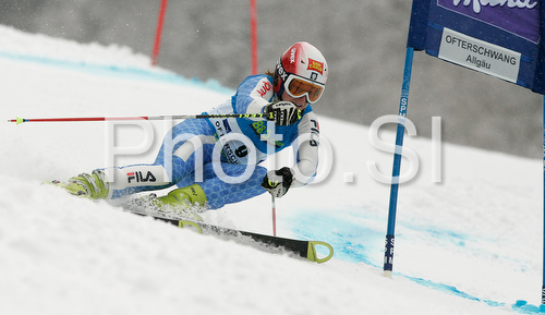 : Nicole Gius of Italy skiing in first run of Women giant slalom race of Ofterschwang Audi FIS Ski World Cup 2008-09. Giant slalom race of Women Audi FIS Ski World Cup 2008-09 was held in Ofterschwang, Germany, on Friday, 6th of March 2009.
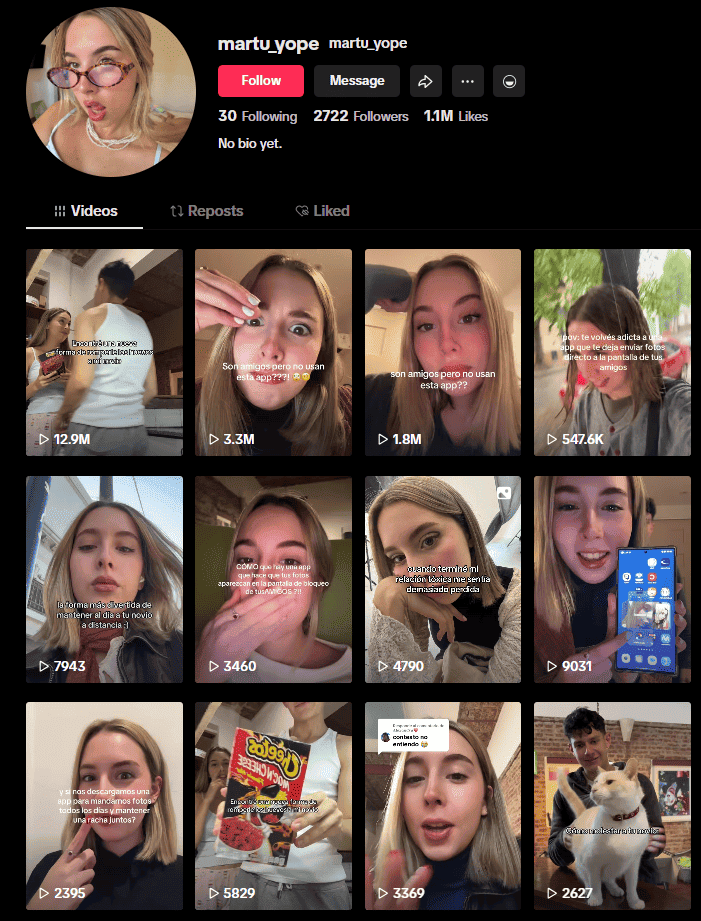All her content is in Spanish. Three of her videos blew up, with the most popular hitting 12.9M views, 731K likes, one thousand comments and 100K bookmarks.
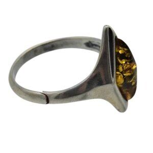 Sterling Silver & Diamond Shaped Amber Ring **See Note**
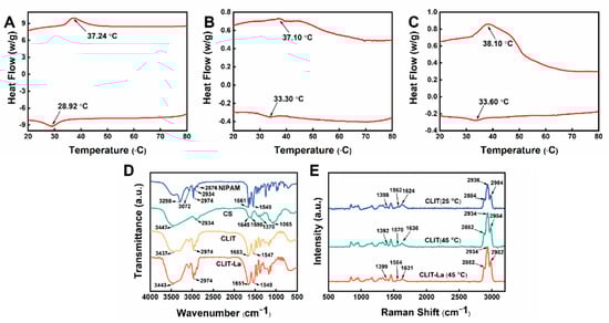 DSC curves of CLIT during repeated tests (the first test (A), second test (B), and third test (C)); FTIR spectra of CS, NIPAM, CLIT, CLIT-La (D); Raman spectra of hydrogels CLIT (25 °C), CLIT (45 °C), CLIT-La (45 °C) (E).
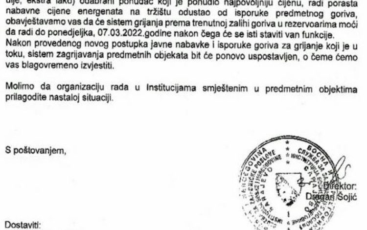 Dopis ove službe u posjedu je "Nezavisnih novina" i u njemu se navodi da je odabrani ponuđač za nabavku energenata za grijanje, koji je ponudio najpovoljniju cijenu, radi porasta nabavne cijene energenata na tržištu odustao od isporuke.
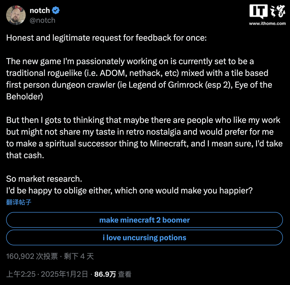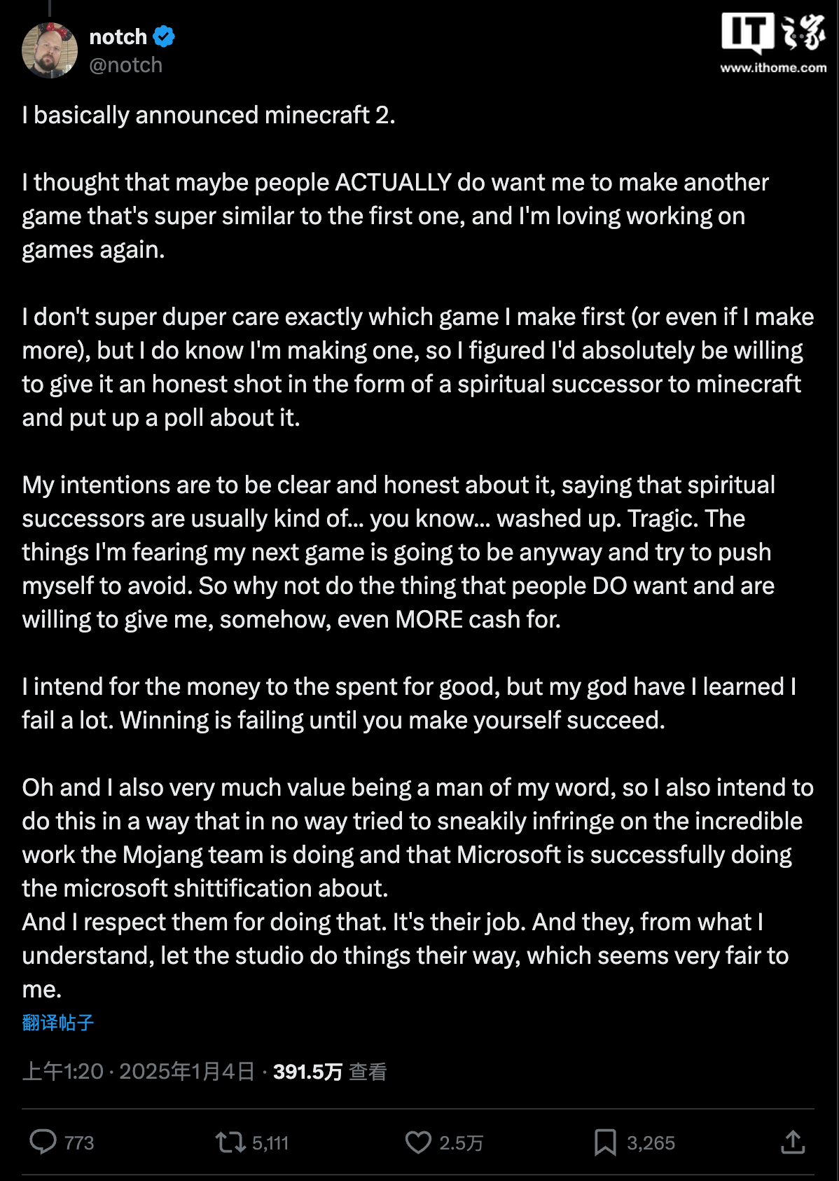 IT之家 1 月 4 日消息,开发了《我的世界》的 Markus Persson(Notch)今日宣布了《我的世界 2》的制作计划。尽管《我的世界》的知识产权归微软所有,微软同时也拥有开发这款游戏的 Mojang Studios,但微软并不拥有《我的世界》的创意或概念。
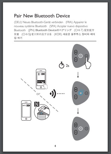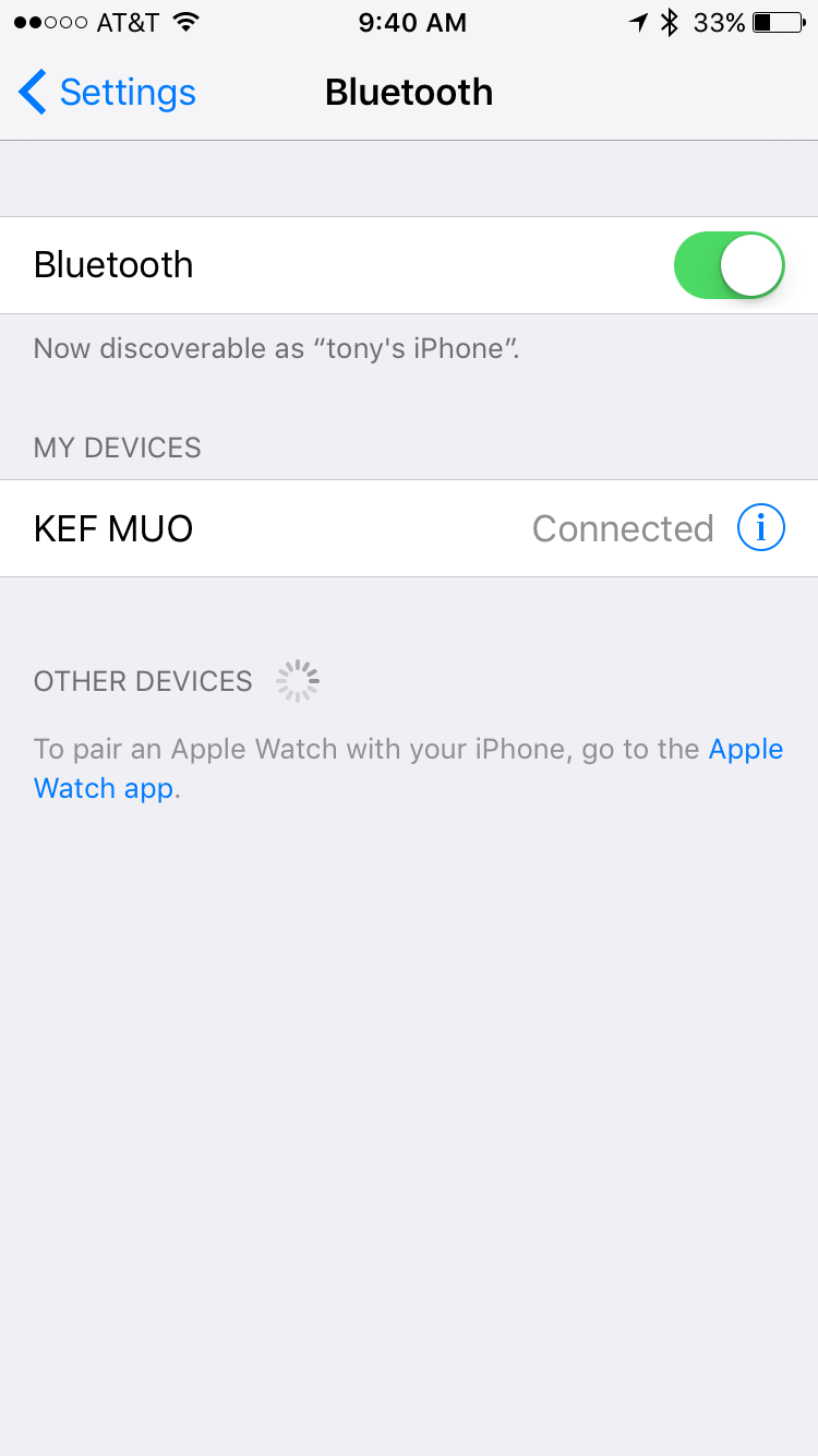 so that KEF optioned for a pictorial quick start guide to get you going. Once the power button has been depressed a 4-tone signal from the speaker tells you that it is on and the power button will light up blue when fully charged. In the settings menu of my iPhone 6 I turned on my Bluetooth option and once the MUO was recognized by my phone I clicked on the KEF MUO tab. After 2 - 10 seconds another 4-tone signal from the speaker tells you that the speaker is now paired with the phone and you’re ready to play your tunes.
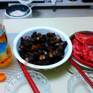 炒的有些变色,表面微熟,加水,放葱,姜,花,大料,盐,味精
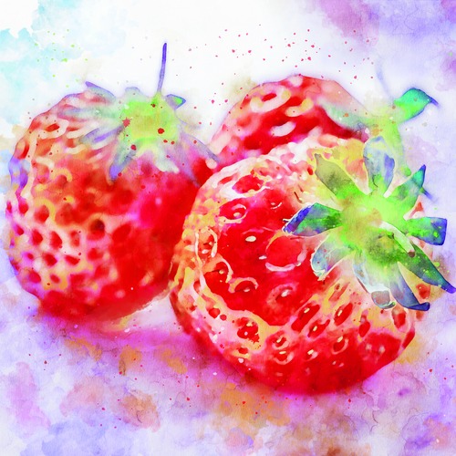 Framed Fresh Strawberries in Pink Background Fruit Tropical Watercolor Realism Closeup Urban Living Room Bedroom Office
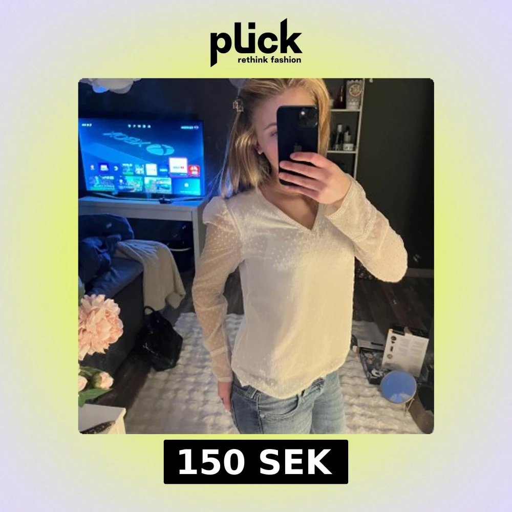 Säljer en söt vit långärmad topp med diskret prickigt mönster. Toppen har en v-ringad hals och är perfekt för en stilren look. Passar bra till jeans eller kjol för en avslappnad stil.
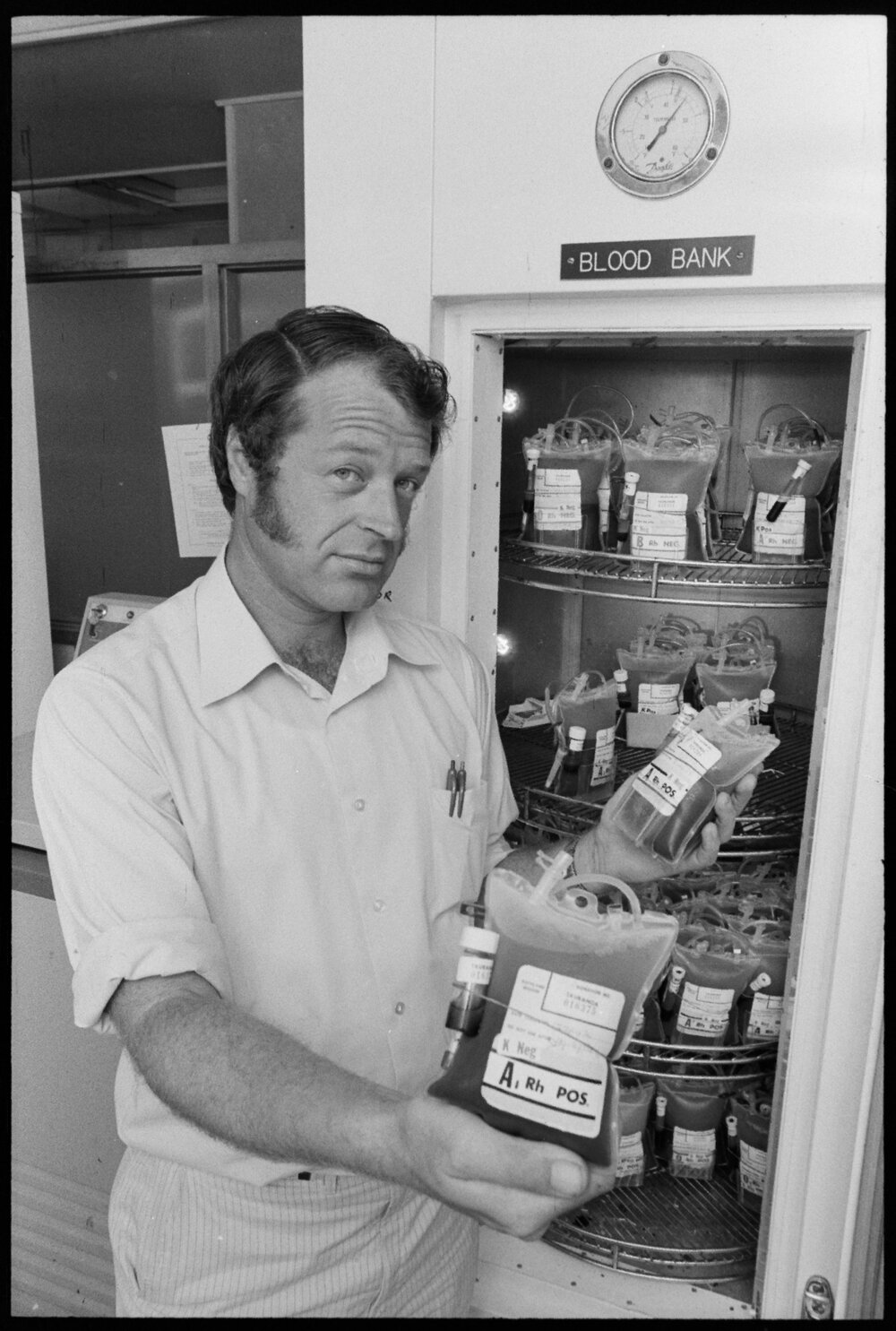 Date4 December 1974Reference Numberphoto gcc-30859DescriptionMost types of blood are in short supply at the Tauranga Hospital blood bank. Blood transfusion technician Mr M. Flack shows units of a type that has been in heavy demand ahead of a re-stocking campaign. Published 4 December 1974.FormatNegativePhysical Description35mm black-and-white negative (1/3)Photographer/CreatorBay of Plenty Times
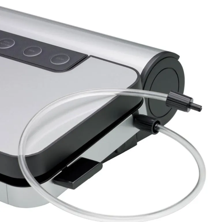 Uansett om du bare skal oppbevare matvarene dine i kjøleskapet i et par dager, tilberede maten din i en sous-vide eller om maten skal ligge en stund i fryseren, så forlenger vakuumering av matvarene dine alltid holdbarheten samtidig som de bevarer både smaken og næringsstoffene. De fem opplyste funksjonsknappene er utrolig enkle å betjene, og arbeidet blir lettere takket være de automatiske programmene til våte eller tørre matvarer. Samtidig sørger den dobbelte sveisesømmen for at det ikke renner noe inn i eller ut av pakningen. Vacuumeringmaskinen er utstyrt med 6 meter folie som passer perfekt i den praktiske og avtakbare oppbevaringsboksen, og foliestykkene skjæres i den helt rette lengden takket være den innebygde folieskjæreren. Elegant fremstilt i Cromargan®. Inkl. folie, pose og vakuumeringsslange til beholderen.

BRIEF
Write the records out exactly, dropping every image.

RESPONSE FOR THIS EXERCISE
 : Nicole Gius of Italy skiing in first run of Women giant slalom race of Ofterschwang Audi FIS Ski World Cup 2008-09. Giant slalom race of Women Audi FIS Ski World Cup 2008-09 was held in Ofterschwang, Germany, on Friday, 6th of March 2009.
All her content is in Spanish. Three of her videos blew up, with the most popular hitting 12.9M views, 731K likes, one thousand comments and 100K bookmarks.
 Sterling Silver & Diamond Shaped Amber Ring **See Note**
 DSC curves of CLIT during repeated tests (the first test (A), second test (B), and third test (C)); FTIR spectra of CS, NIPAM, CLIT, CLIT-La (D); Raman spectra of hydrogels CLIT (25 °C), CLIT (45 °C), CLIT-La (45 °C) (E).
 Dopis ove službe u posjedu je "Nezavisnih novina" i u njemu se navodi da je odabrani ponuđač za nabavku energenata za grijanje, koji je ponudio najpovoljniju cijenu, radi porasta nabavne cijene energenata na tržištu odustao od isporuke.
 IT之家 1 月 4 日消息,开发了《我的世界》的 Markus Persson(Notch)今日宣布了《我的世界 2》的制作计划。尽管《我的世界》的知识产权归微软所有,微软同时也拥有开发这款游戏的 Mojang Studios,但微软并不拥有《我的世界》的创意或概念。
 so that KEF optioned for a pictorial quick start guide to get you going. Once the power button has been depressed a 4-tone signal from the speaker tells you that it is on and the power button will light up blue when fully charged. In the settings menu of my iPhone 6 I turned on my Bluetooth option and once the MUO was recognized by my phone I clicked on the KEF MUO tab. After 2 - 10 seconds another 4-tone signal from the speaker tells you that the speaker is now paired with the phone and you’re ready to play your tunes.
 炒的有些变色,表面微熟,加水,放葱,姜,花,大料,盐,味精
 Framed Fresh Strawberries in Pink Background Fruit Tropical Watercolor Realism Closeup Urban Living Room Bedroom Office
 Säljer en söt vit långärmad topp med diskret prickigt mönster. Toppen har en v-ringad hals och är perfekt för en stilren look. Passar bra till jeans eller kjol för en avslappnad stil.
 Date4 December 1974Reference Numberphoto gcc-30859DescriptionMost types of blood are in short supply at the Tauranga Hospital blood bank. Blood transfusion technician Mr M. Flack shows units of a type that has been in heavy demand ahead of a re-stocking campaign. Published 4 December 1974.FormatNegativePhysical Description35mm black-and-white negative (1/3)Photographer/CreatorBay of Plenty Times
 Uansett om du bare skal oppbevare matvarene dine i kjøleskapet i et par dager, tilberede maten din i en sous-vide eller om maten skal ligge en stund i fryseren, så forlenger vakuumering av matvarene dine alltid holdbarheten samtidig som de bevarer både smaken og næringsstoffene. De fem opplyste funksjonsknappene er utrolig enkle å betjene, og arbeidet blir lettere takket være de automatiske programmene til våte eller tørre matvarer. Samtidig sørger den dobbelte sveisesømmen for at det ikke renner noe inn i eller ut av pakningen. Vacuumeringmaskinen er utstyrt med 6 meter folie som passer perfekt i den praktiske og avtakbare oppbevaringsboksen, og foliestykkene skjæres i den helt rette lengden takket være den innebygde folieskjæreren. Elegant fremstilt i Cromargan®. Inkl. folie, pose og vakuumeringsslange til beholderen.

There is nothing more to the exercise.